> _EXERCISE AIM_: Pictures must not appear in your answer. Write out exactly the lines from the one with "Ten vibrant yellow" through the last line of the entries below.
******
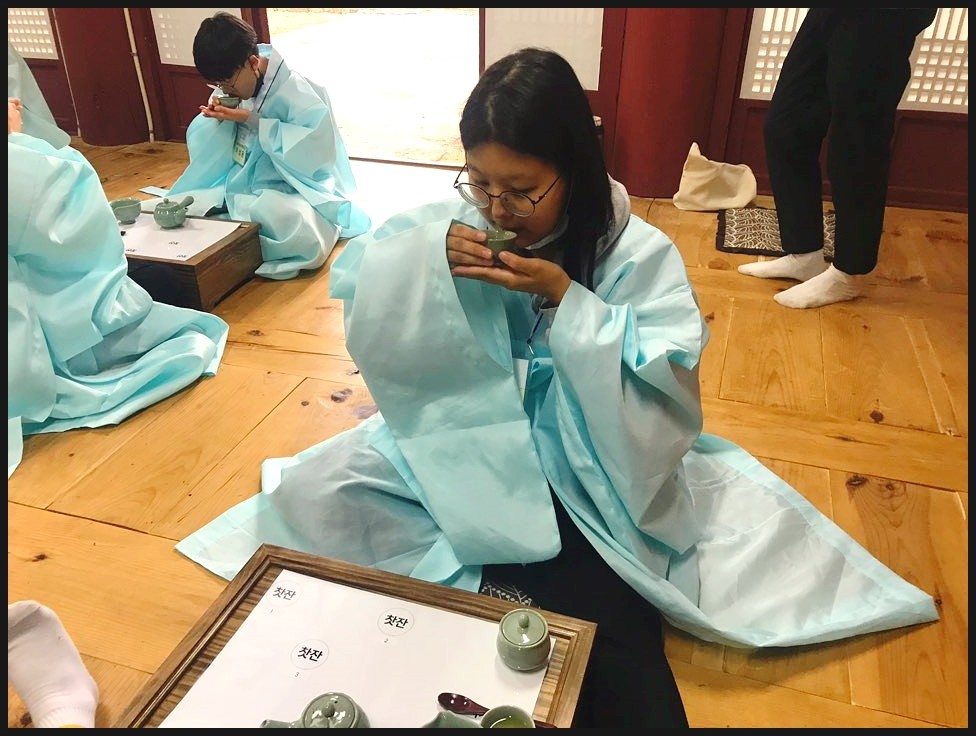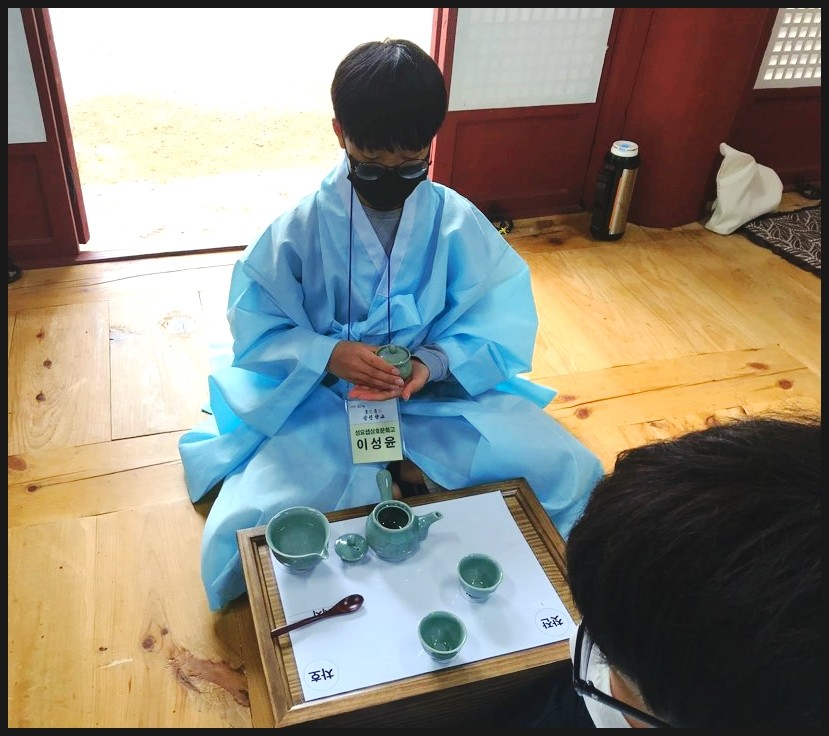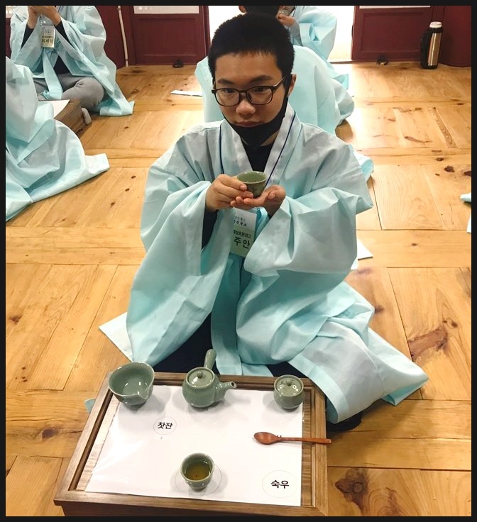 유복을 입고서 다례체험을 진행해요. 유복을 입고서 집중하는 모습이 너무 멋있는데요!
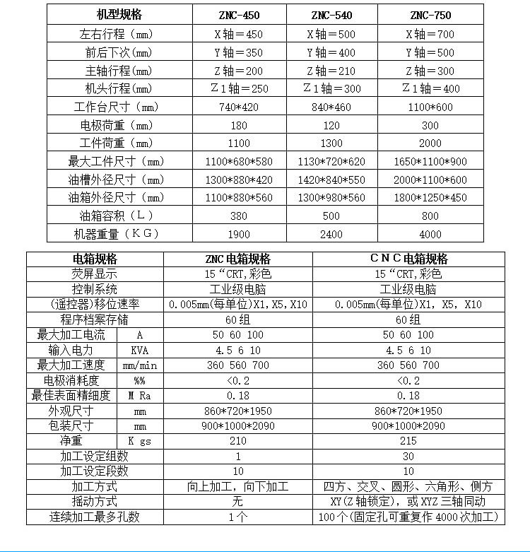 ZNC火花機機械特性:
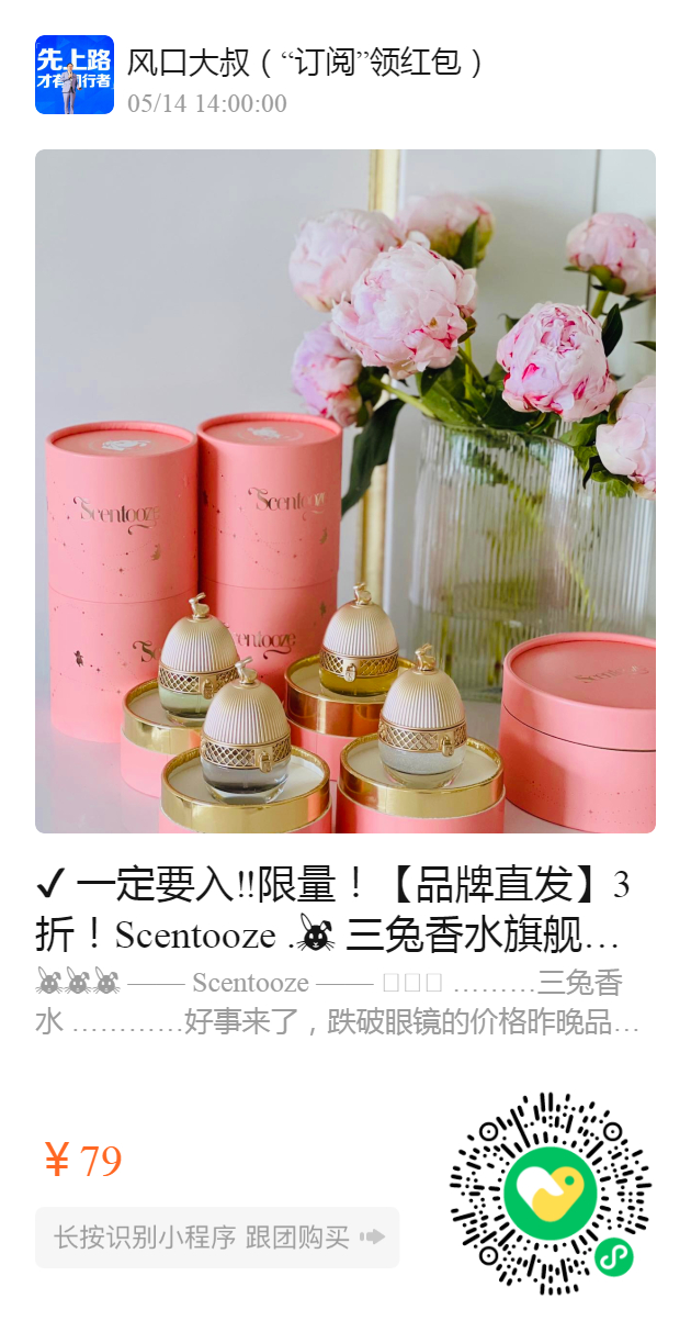 ✔️ 一定要入‼️限量!【品牌直发】3折!Scentooze . 三兔香水旗舰店1瓶299!我们5·20 表白直接79秒杀‼️ 欧阳娜娜、赵露思、Pony推荐!正品带防伪!礼盒装
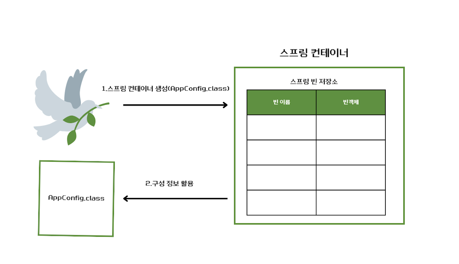 1)new AnnotationConfigApplicationContext(AppConfig.class); 2) 스프링 컨테이너 생성할 때는 구성 정보를 지정해주어야 한다. 3)여기서는 AppConfig.class를 구성 정보로 지정했다.
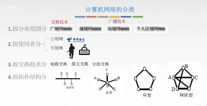 按分布范围:广域网Wide Area Network,WAN(交换技术)、城域网Metropolitan Area Network,MAN、局域网Local Area Network,LAN(广播技术)、个人区域网Personal Area Network,PAN
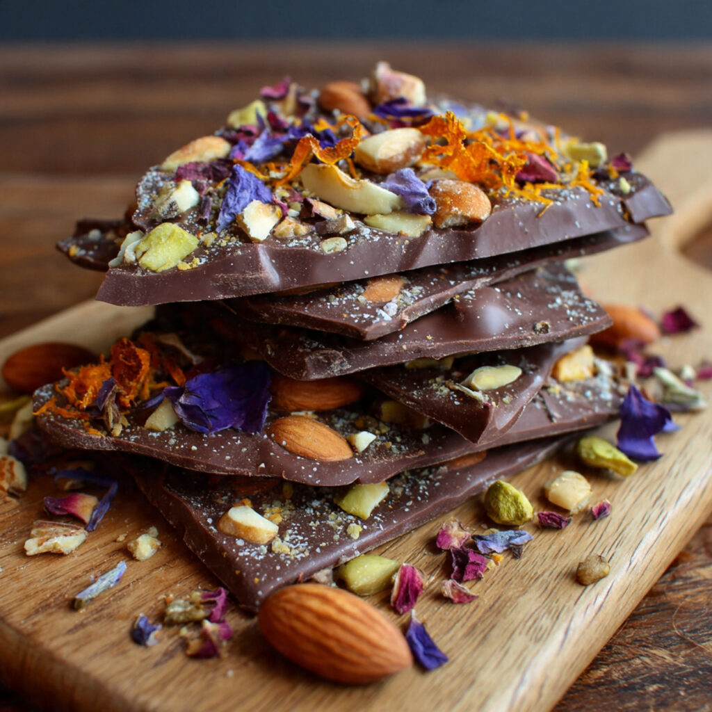 I spread melted chocolate on a tray. I sprinkle toppings and salt. I chill and break into pieces.
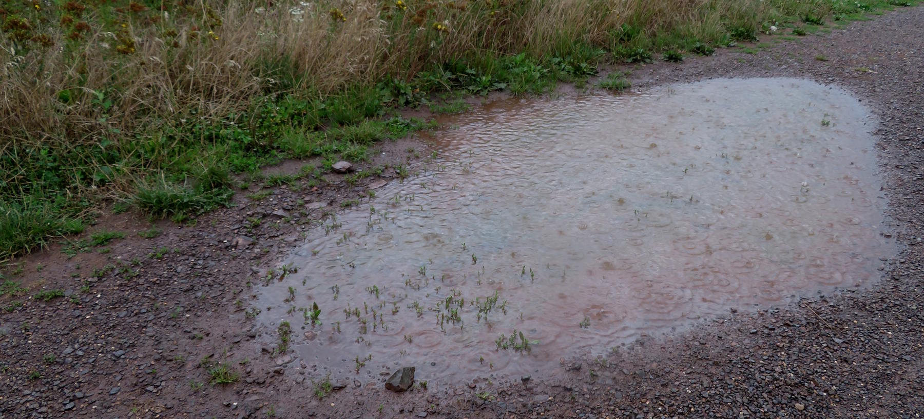 Noch regnet es nicht, aber die Hundegänger rennen schon zu ihren Autos. Ich fahre noch ein Stück in Richtung Lückner, da fängt es an zu prasseln.
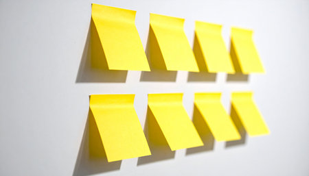 Ten vibrant yellow sticky notes are affixed to a white wall in two distinct rows, casting subtle shadows that add depth to the composition.
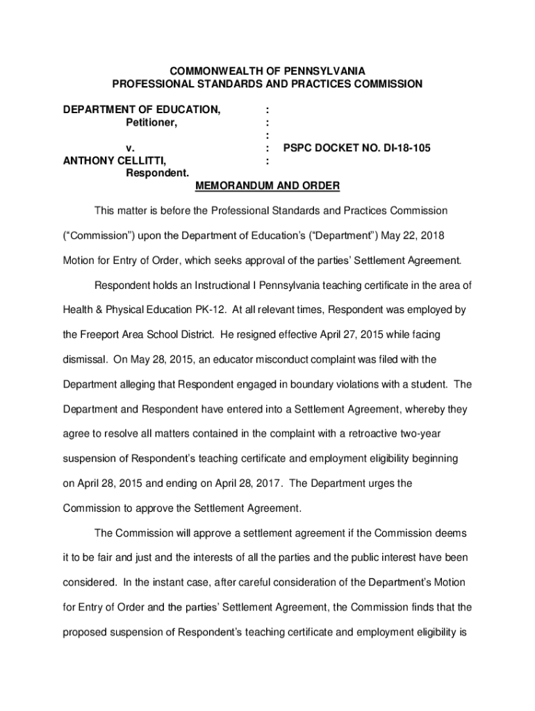 COMMONWEALTH OF PENNSYLVANIA PROFESSIONAL STANDARDS AND PRACTICES COMMISSION DEPARTMENT OF EDUCATION, Petitioner, v. ANTHONY CELLITTI, Respondent.: : : : :PSPC DOCKET NO. DI18105MEMORANDUM AND ORDER
******
> _WRITTEN ANSWER_:
 Ten vibrant yellow sticky notes are affixed to a white wall in two distinct rows, casting subtle shadows that add depth to the composition.
 COMMONWEALTH OF PENNSYLVANIA PROFESSIONAL STANDARDS AND PRACTICES COMMISSION DEPARTMENT OF EDUCATION, Petitioner, v. ANTHONY CELLITTI, Respondent.: : : : :PSPC DOCKET NO. DI18105MEMORANDUM AND ORDER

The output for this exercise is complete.